Враждебность мира, кстати, не замедлила о себе напомнить громом среди ясного неба и проливным дождём. Но участники процессии не пали духом, донесли носилки до места, развели костерок и с песнями и с плясками проводили дым своего соплеменника в ту сторону, куда дул невесть откуда взявшийся после проливного дождя ветер.
На этом месте, достигнув апогея какой-то неприличной радости, Константин Матвеевич слегка устыдился (всё-таки похороны) и ощутил в себе философское направление в смысле желания урегулировать распоясавшиеся чувства. Бывший морской штурман сделал во сне небольшое душевное усилие и ощутил в себе такое равновесие всех известных ему чувств и ощущений, что ему захотелось петь жалостливые псалмы, танцевать зажигательную джигу, строить оросительные каналы и сочинять грустные элегии одновременно.
«Тоже мне, знаток псалмов и элегий хренов», - невольно усмехнулся во сне Сакуров и обратил внимание на новые цветы, появившиеся на Сакуре, числом ровно двенадцать. И на сей раз из этих цветов не получилось никаких плодов, потому что цветы один за другим сдуло с дерева налетевшим ветерком. И над образовавшейся синтоистской панорамой в лучах восходящего солнца получилась такая пёстрая круговерть, что Сакуров, замороченный начавшейся с круговертью сменой запахов и красок, сначала не понял её содержания. Но потом взял себя в руки и быстро разобрался со сменами запахов и красок как с сезонными. При этом он удивился быстроте, с какой данные сезоны менялись, и отчётливости незначительных перемен, происходящих на его глазах в каждом сезоне.
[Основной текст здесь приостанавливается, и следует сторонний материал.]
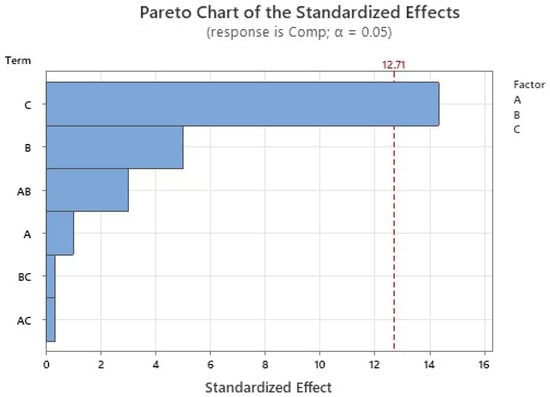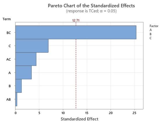 Interesting conclusions could be drawn for products B and D. To begin with, it was in the same mechanical characteristics, Compressibility and Tensile Strength, where these results appeared, which suggests that these outputs are the ones that present the greatest sensitivity to variations in parameters related to high-frequency baking. In Product B, it was the interaction between factors B and C that stood out, while in Product D, it was factor C. As such, the conclusion can be drawn that the stabilization time (factor C) should not be altered for either, while in Product B, the heating time (factor B) should also be maintained. Product D can change the current intensity (factor A) and heating time (factor B). For Product B, on the other hand, only changes in current intensity (factor A) are recommended.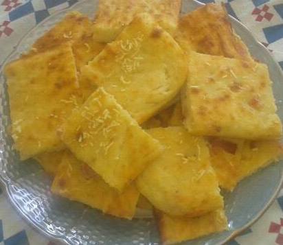 Przełóż do miski, oprósz mąką i przykryj ściereczką. Zostaw do podwojenia rozmiaru. Rozwałkuj ciasto na grubość 1,5-2 cm naleśnika. Posyp czosnkiem wymieszanym w 2 łyżkach oleju oraz wody.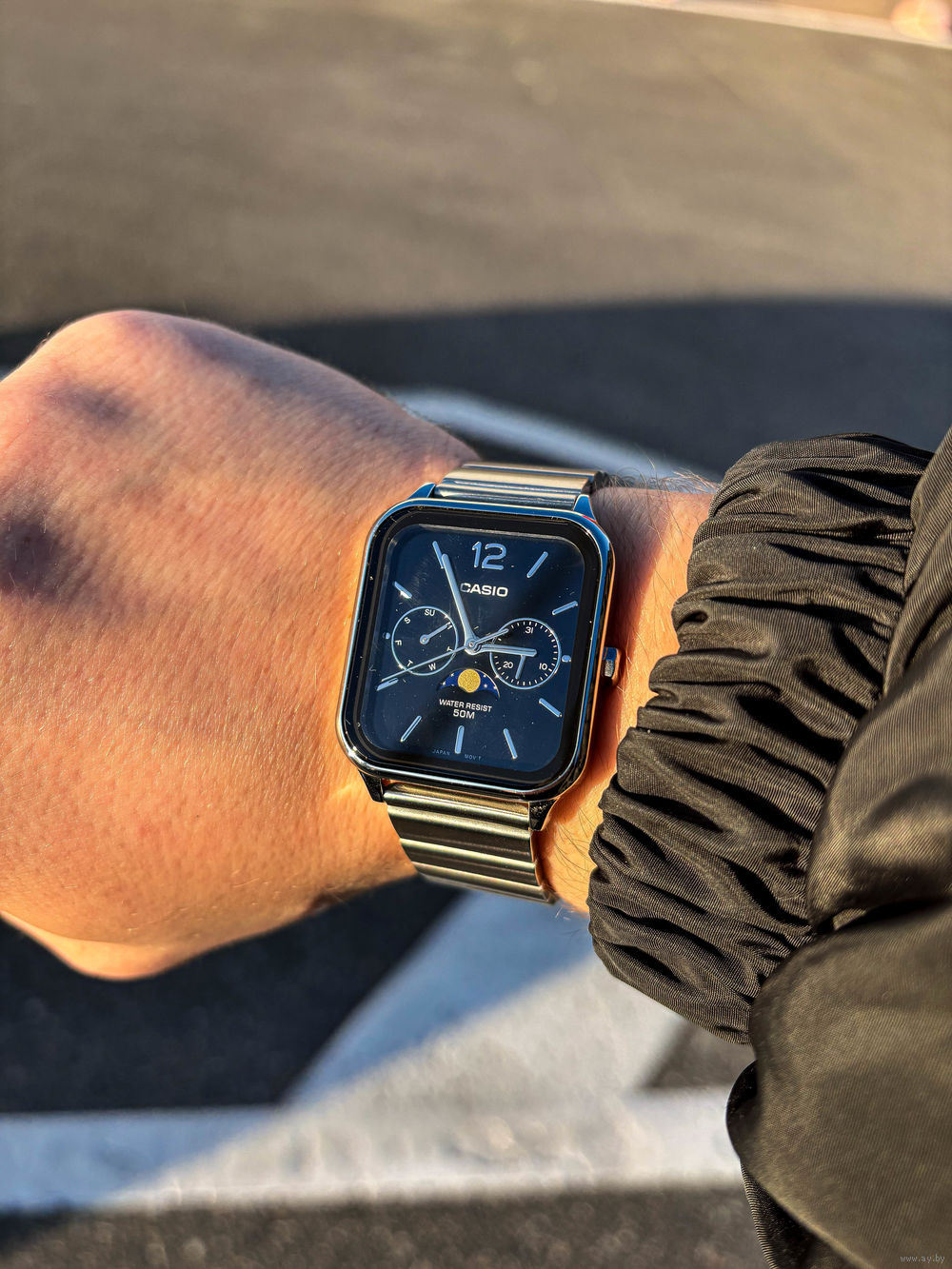 Фаза луны на часах соответствует фазе луны в жизни, сама фаза отдельно настраивается с помощью кнопки регулировки на корпусе часов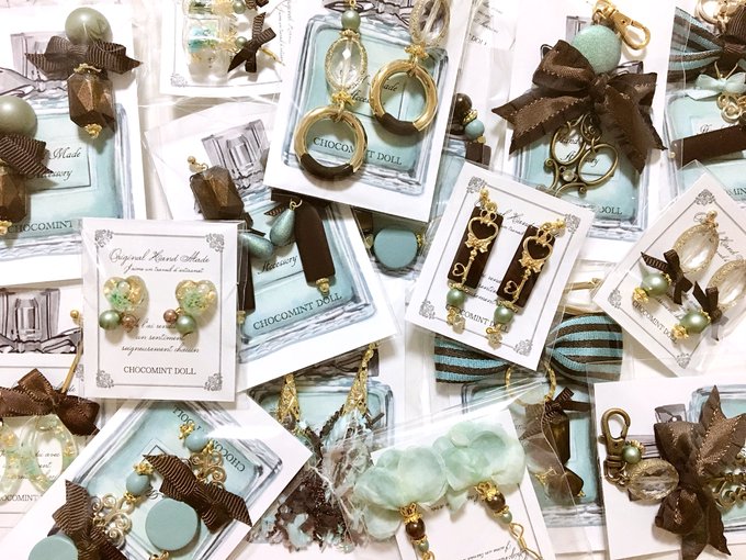 小包装まで終わりましたーーー丸一日机と向き合ってた気がする!!今回は前回と違ったデザインで沢山作りましたので、皆さんの好みにビビッとくる子が居ますように……素敵な御縁がありますように…(*´人`*) #チョコミント展2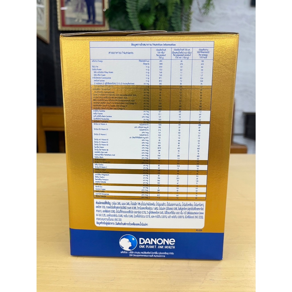 ... สิทธิ์เฉพาะ ประกอบด้วย โพรไบโอติก บิฟิโดแบคเรียม เบรเว เอ็ม-16วี และ ใยอาหารกอส/แอลซีฟอส ในสัดส่วนเฉพาะ 9:1 • มี 2’-FL • น้ำมันปลา (มีดีเอชเอ) • น้ำมันที่ให้กรดอะแรชิโดนิก (เออาร์เอ) • วิตามินรวม • เกลือแร่รวม • ทอรีน • แอลคาร์นิทีน • เบต้าแคโรทีน • นิวคลีโอไทด์รวม สิ่งสำคัญที่ควรทราบ นมแม่เป็นอาหารที่ดีที่สุดสำหรับทารก เพราะมีคุณค่าทางโภชนาการครบถ้วน ควรใช้ผลิตภัณฑ์ตามคำแนะนำของแพทย์ พยาบาล หรือ นักโภชนาการ ไม่ควรเติมน้ำตาล น้ำผึ้งหรือวัตถุให้ความหวานใดๆอีก เพราะอาจทำให้ทารกและเด็กเล็กฟันผุและเป็นโรคอ้วนได้ การเตรียมหรือใช้ส่วนผสมไม่ถูกต้อง จะเป็นอันตรายต่อทารก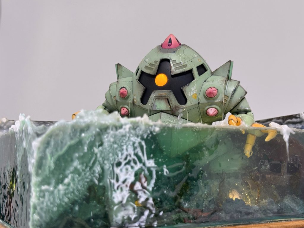 久しぶりの投稿となります!忙しさがピークで製作に追われてますがミニジオラマを3点見て頂こうと思い投稿させて頂きました。前回ズコックを使いジオラマを製作したのですが今回も水泳部!! しかもSDさん達を使いStillness and Motion.と題して出したシリーズの続き的な立ち位置で製作してみました。ゾック本体は肉抜きの埋め(爪や腕部等)スジボリの追加、段落ちモールドの追加、8個ギミックの追加、粒子砲部のディティールの追加、その他ちょこちょこいじってみました。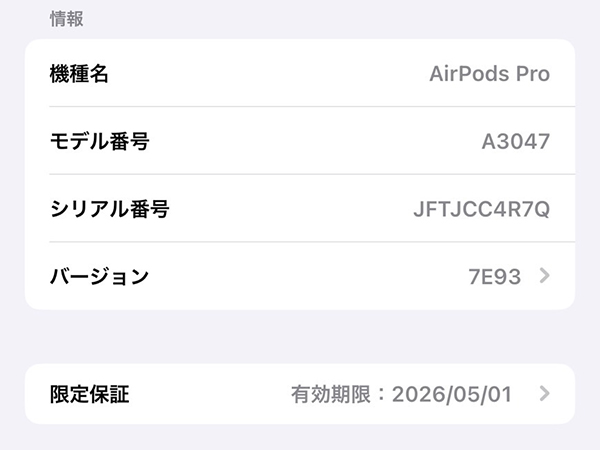 【中古 美品】Apple 純正 AirPods Pro 第2世代 MagSafe充電ケース USB-C MTJV3J/A 本体 (QGA587-2) ■状態■ [充電ケース/イヤホン] ケースに薄っすらとした擦れはありますが、 目立つ大きな傷はありません。 イヤホンに目立つ大きな傷はありません。 写真でご確認ください。 動作問題なし ペアリング・通電確認済み 初期化済み ■保証状況■ 購入日: 2025年5月2日 限定保証 有効期限:2026年5月1日 詳しくはアップル公式 保証状況サイトでご確認ください。 ■モデル型番■ MTJV3J/A ■製造番号■ JFTJCC4R7Q ■付属品■ 写真でご確認いただけるものがすべてです。 2025/8/2 K
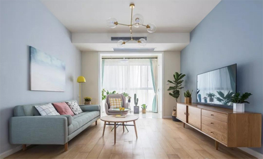 客厅墙面以平涂青出于蓝为主色调,搭配温润质感的木家具,整体布局,线条感强,在视觉上会有拉伸空间的效果,简约自然舒适。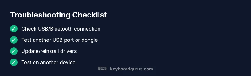 When you first notice that your keyboard isn’t registering input, the clock is ticking. What to do first matters a lot, and in many cases, you can recover full typing ability without replacing hardware. What if keyboard doesn't work? That exact question guides a structured approach: start with quick, reversible fixes, then methodically verify power, connectivity, drivers, and software conflicts. According to Keyboard Gurus, most failures are caused by simple connection or power issues, not a dead keyboard. Begin with non-destructive checks that you can undo at any time and progress to more involved steps if needed. This initial triage sets the stage for a faster resolution and reduces unnecessary downtime.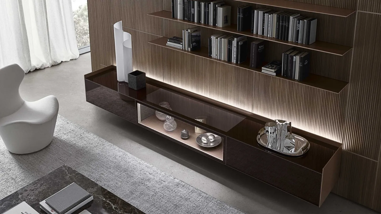 Ultimamente le Pareti Attrezzate hanno conquistato un posto importante in fatto di Arredamento Casa, essendo arredi multifunzionali e salvaspazio realizzabili su misura. Il modello visibile in foto è realizzato in vetro ma grazie ad una grande varietà di finiture, cromie e forme potrà adattarsi a spazi di ogni tipo seguendo le più personali esigenze abitative. Attraverso un gioco dinamico e operativo di incastri, sovrapposizioni, accessori a giorno o vani chiusi, le Pareti Attrezzate moderne arredano il soggiorno sfruttando bene ogni spazio.
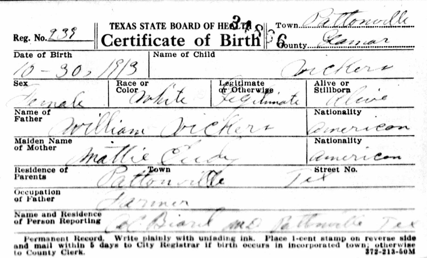 October 30, 1913 in Pattonville, Texas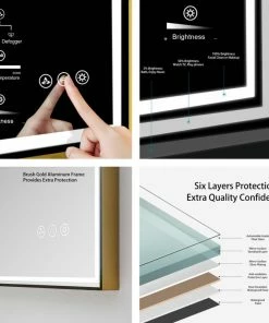 - MATTE BLACK or BRUSH GOLD frames not only provides extra protection also elegant design to this smart mirror.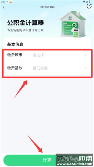 4、在计算页面选择参保城市并填写缴费基数,点击计算即可获得对应结果。
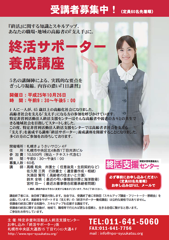 札幌市で開催「終活サポーター」養成講座 25年10月26日(土曜日)

«Всё правильно, - рассудил бывший морской штурман, - цветов было двенадцать, а месяцев в году тоже двенадцать. Вот их сдуло с Сакуры и – понеслось…»
Тем временем на творимую в свете поднимающегося солнца землю выпал снег, и некоторое время, равное одному мгновенью, снег имитировал игру света на гранях разновеликих неоправленных бриллиантов. Затем бриллианты погасли, а на земле зашебаршили метели. Им тоже был отведён ровно миг, поэтому вскоре вслед за колючей белой завирухой потянуло теплом, и зазвучала капель. Не успела капель сыграть свой последний аккорд, как перед взором Сакурова запестрели краски всевозможных цветов и плодов. Но мгновение цветов с мгновением плодов миновало, и бывший морской штурман снова увидел проливной дождь с громом и молнией. Потом над его головой засверкало холодное синее небо, а леса и долы расцветило осенней палитрой красок, от бледной охры до кроваво багряного с вкраплением золота и малахита.
«Чудеса», - констатировал Константин Матвеевич и увидел, что на Сакуре появились новые четыре цветка. Эти цветы также не стали созревать до состояния плодов, их также сдуло ветром и там, где упали лепестки последних четырёх цветов, образовались четыре стороны света. Больше того: на каждом условном рубеже каждой стороны света кто-то невидимый и всемогущий соорудил по дворцу. Солнце при этом встало на востоке и теперь не просто поднималось над проявляемой из первозданной тьмы землёй, но стало двигаться на запад. И получилась такая необычная картина в свете четырёхсторонней перспективы, что с востока на запад проявляемой земли было больше, чем с приплюснутых к наблюдаемой Сакуровым оси севера и юга.